** Opening Dataset entries block **
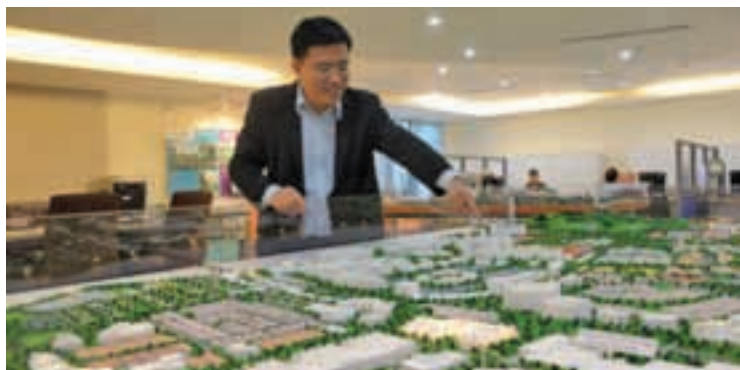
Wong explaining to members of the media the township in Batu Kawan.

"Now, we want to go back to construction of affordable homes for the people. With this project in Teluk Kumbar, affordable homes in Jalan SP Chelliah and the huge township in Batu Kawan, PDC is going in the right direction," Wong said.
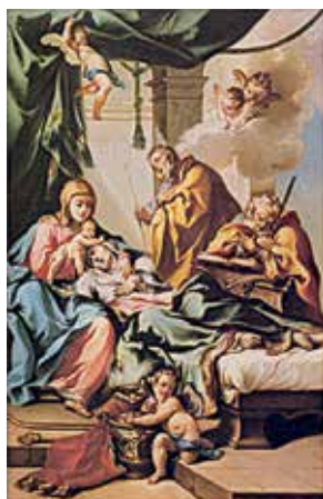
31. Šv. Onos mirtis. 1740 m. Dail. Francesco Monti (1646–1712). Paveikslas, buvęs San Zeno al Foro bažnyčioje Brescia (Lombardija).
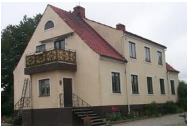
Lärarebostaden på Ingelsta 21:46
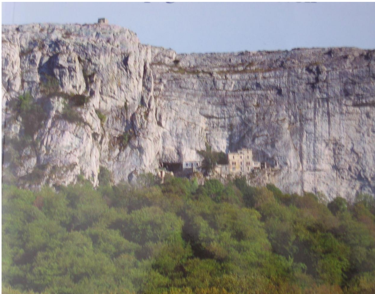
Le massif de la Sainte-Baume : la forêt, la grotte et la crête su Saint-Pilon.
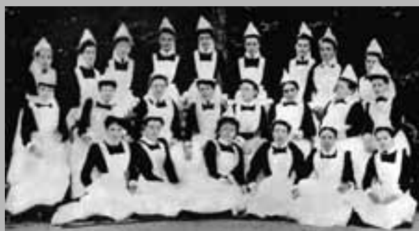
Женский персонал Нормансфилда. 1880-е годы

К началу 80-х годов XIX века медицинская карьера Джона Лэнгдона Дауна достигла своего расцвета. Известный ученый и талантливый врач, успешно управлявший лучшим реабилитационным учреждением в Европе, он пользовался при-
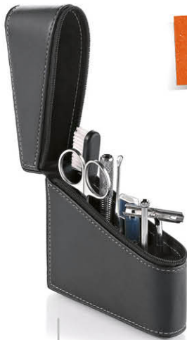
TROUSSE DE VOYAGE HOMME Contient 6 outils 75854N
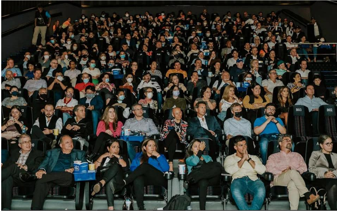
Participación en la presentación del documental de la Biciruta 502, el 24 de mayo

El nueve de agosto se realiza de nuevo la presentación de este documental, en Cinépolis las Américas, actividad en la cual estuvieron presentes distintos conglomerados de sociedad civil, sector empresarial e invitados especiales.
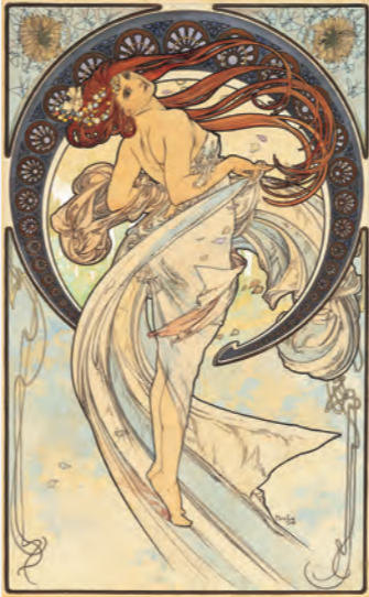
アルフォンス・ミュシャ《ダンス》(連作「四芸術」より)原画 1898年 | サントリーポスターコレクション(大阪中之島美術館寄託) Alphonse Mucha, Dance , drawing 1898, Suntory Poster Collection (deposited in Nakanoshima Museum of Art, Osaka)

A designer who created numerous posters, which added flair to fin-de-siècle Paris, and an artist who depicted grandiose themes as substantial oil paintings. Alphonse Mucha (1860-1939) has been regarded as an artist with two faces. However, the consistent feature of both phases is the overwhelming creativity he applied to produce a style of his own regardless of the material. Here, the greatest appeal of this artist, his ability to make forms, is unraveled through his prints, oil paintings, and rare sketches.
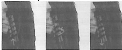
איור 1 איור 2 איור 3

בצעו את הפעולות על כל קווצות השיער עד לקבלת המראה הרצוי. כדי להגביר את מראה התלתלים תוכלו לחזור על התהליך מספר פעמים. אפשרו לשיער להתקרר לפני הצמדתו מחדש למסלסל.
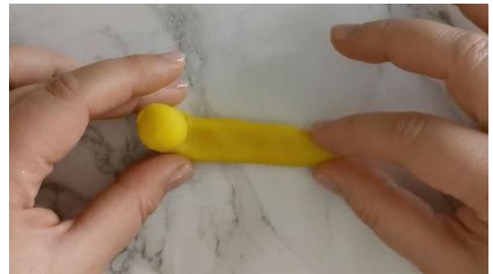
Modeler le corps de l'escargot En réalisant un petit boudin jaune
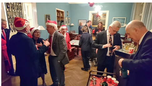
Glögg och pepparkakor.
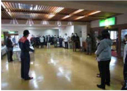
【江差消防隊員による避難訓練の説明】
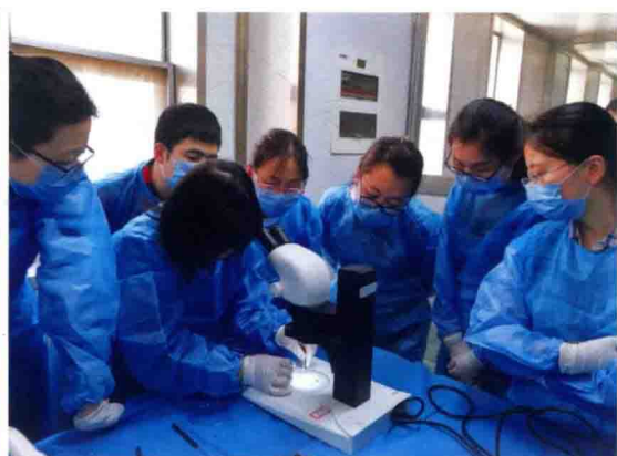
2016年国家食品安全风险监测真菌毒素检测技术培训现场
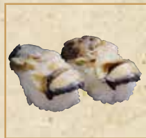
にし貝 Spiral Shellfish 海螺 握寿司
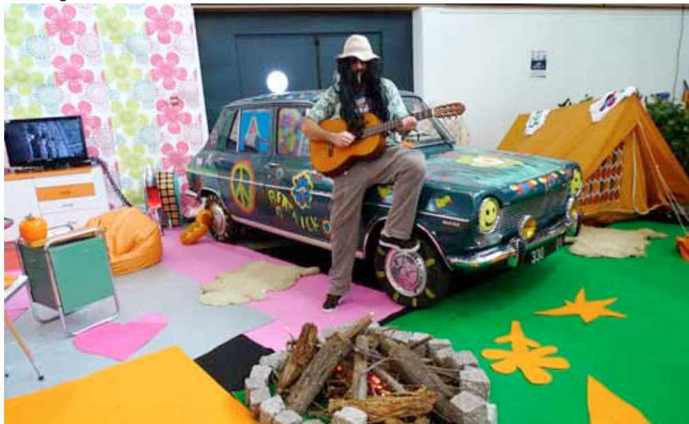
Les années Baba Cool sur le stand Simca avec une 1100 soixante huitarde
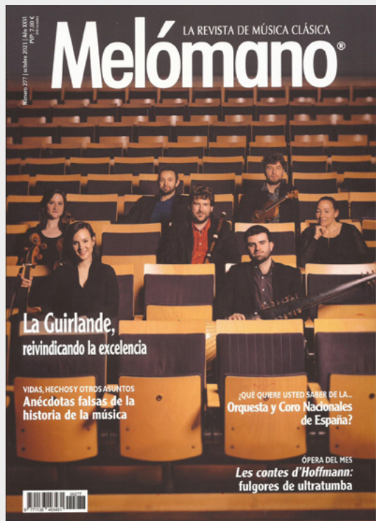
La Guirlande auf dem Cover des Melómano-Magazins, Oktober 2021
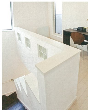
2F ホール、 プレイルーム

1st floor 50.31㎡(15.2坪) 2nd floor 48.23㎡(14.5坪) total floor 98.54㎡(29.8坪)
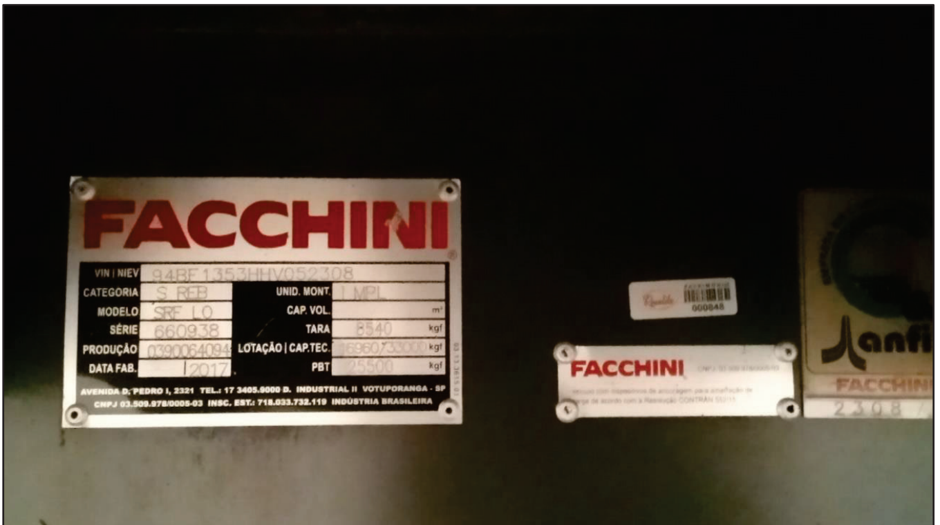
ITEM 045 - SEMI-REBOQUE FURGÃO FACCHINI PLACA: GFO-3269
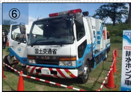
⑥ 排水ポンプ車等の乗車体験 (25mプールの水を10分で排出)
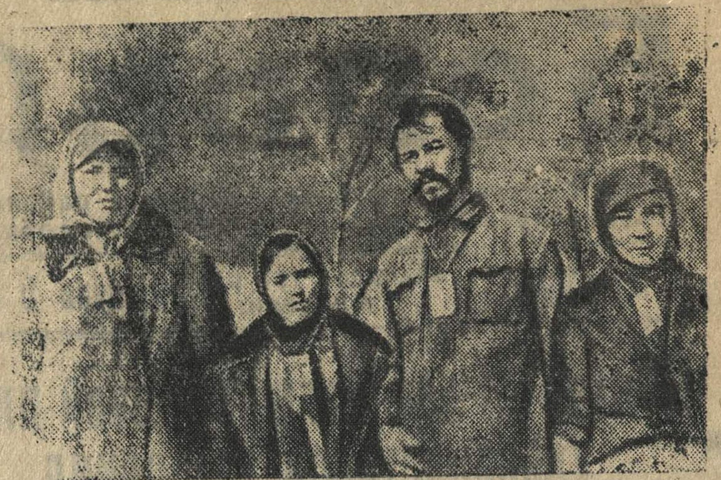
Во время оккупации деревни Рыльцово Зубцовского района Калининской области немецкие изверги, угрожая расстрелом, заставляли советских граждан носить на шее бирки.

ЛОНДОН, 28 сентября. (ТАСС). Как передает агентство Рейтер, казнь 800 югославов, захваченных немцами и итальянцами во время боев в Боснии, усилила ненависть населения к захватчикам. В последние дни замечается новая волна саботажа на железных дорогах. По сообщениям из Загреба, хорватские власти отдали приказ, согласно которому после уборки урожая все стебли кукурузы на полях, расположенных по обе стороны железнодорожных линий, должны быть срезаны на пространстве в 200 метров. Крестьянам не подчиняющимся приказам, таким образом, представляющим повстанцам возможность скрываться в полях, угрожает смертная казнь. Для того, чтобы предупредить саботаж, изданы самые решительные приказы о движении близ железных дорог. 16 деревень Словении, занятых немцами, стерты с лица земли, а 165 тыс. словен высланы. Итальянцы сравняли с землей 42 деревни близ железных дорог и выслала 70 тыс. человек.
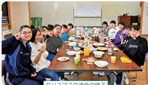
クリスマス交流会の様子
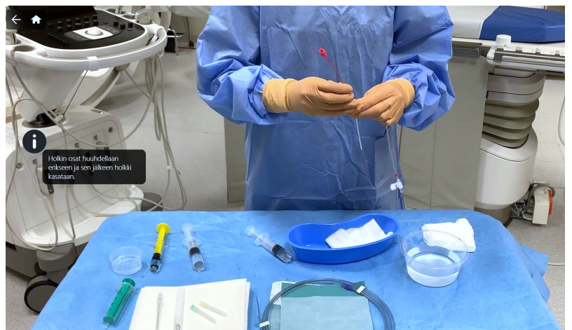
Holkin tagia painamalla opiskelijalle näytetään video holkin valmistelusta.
** Closing Dataset entries block **
**The task:**
Could you copy every record exactly, without the pictures?

**Exercise response:**
Wong explaining to members of the media the township in Batu Kawan.

"Now, we want to go back to construction of affordable homes for the people. With this project in Teluk Kumbar, affordable homes in Jalan SP Chelliah and the huge township in Batu Kawan, PDC is going in the right direction," Wong said.
31. Šv. Onos mirtis. 1740 m. Dail. Francesco Monti (1646–1712). Paveikslas, buvęs San Zeno al Foro bažnyčioje Brescia (Lombardija).
Lärarebostaden på Ingelsta 21:46
Le massif de la Sainte-Baume : la forêt, la grotte et la crête su Saint-Pilon.
Женский персонал Нормансфилда. 1880-е годы

К началу 80-х годов XIX века медицинская карьера Джона Лэнгдона Дауна достигла своего расцвета. Известный ученый и талантливый врач, успешно управлявший лучшим реабилитационным учреждением в Европе, он пользовался при-
TROUSSE DE VOYAGE HOMME Contient 6 outils 75854N
Participación en la presentación del documental de la Biciruta 502, el 24 de mayo

El nueve de agosto se realiza de nuevo la presentación de este documental, en Cinépolis las Américas, actividad en la cual estuvieron presentes distintos conglomerados de sociedad civil, sector empresarial e invitados especiales.
アルフォンス・ミュシャ《ダンス》(連作「四芸術」より)原画 1898年 | サントリーポスターコレクション(大阪中之島美術館寄託) Alphonse Mucha, Dance , drawing 1898, Suntory Poster Collection (deposited in Nakanoshima Museum of Art, Osaka)

A designer who created numerous posters, which added flair to fin-de-siècle Paris, and an artist who depicted grandiose themes as substantial oil paintings. Alphonse Mucha (1860-1939) has been regarded as an artist with two faces. However, the consistent feature of both phases is the overwhelming creativity he applied to produce a style of his own regardless of the material. Here, the greatest appeal of this artist, his ability to make forms, is unraveled through his prints, oil paintings, and rare sketches.
איור 1 איור 2 איור 3

בצעו את הפעולות על כל קווצות השיער עד לקבלת המראה הרצוי. כדי להגביר את מראה התלתלים תוכלו לחזור על התהליך מספר פעמים. אפשרו לשיער להתקרר לפני הצמדתו מחדש למסלסל.
Modeler le corps de l'escargot En réalisant un petit boudin jaune
Glögg och pepparkakor.
【江差消防隊員による避難訓練の説明】
2016年国家食品安全风险监测真菌毒素检测技术培训现场
にし貝 Spiral Shellfish 海螺 握寿司
Les années Baba Cool sur le stand Simca avec une 1100 soixante huitarde
La Guirlande auf dem Cover des Melómano-Magazins, Oktober 2021
2F ホール、 プレイルーム

1st floor 50.31㎡(15.2坪) 2nd floor 48.23㎡(14.5坪) total floor 98.54㎡(29.8坪)
ITEM 045 - SEMI-REBOQUE FURGÃO FACCHINI PLACA: GFO-3269
⑥ 排水ポンプ車等の乗車体験 (25mプールの水を10分で排出)
Во время оккупации деревни Рыльцово Зубцовского района Калининской области немецкие изверги, угрожая расстрелом, заставляли советских граждан носить на шее бирки.

ЛОНДОН, 28 сентября. (ТАСС). Как передает агентство Рейтер, казнь 800 югославов, захваченных немцами и итальянцами во время боев в Боснии, усилила ненависть населения к захватчикам. В последние дни замечается новая волна саботажа на железных дорогах. По сообщениям из Загреба, хорватские власти отдали приказ, согласно которому после уборки урожая все стебли кукурузы на полях, расположенных по обе стороны железнодорожных линий, должны быть срезаны на пространстве в 200 метров. Крестьянам не подчиняющимся приказам, таким образом, представляющим повстанцам возможность скрываться в полях, угрожает смертная казнь. Для того, чтобы предупредить саботаж, изданы самые решительные приказы о движении близ железных дорог. 16 деревень Словении, занятых немцами, стерты с лица земли, а 165 тыс. словен высланы. Итальянцы сравняли с землей 42 деревни близ железных дорог и выслала 70 тыс. человек.
クリスマス交流会の様子
Holkin tagia painamalla opiskelijalle näytetään video holkin valmistelusta.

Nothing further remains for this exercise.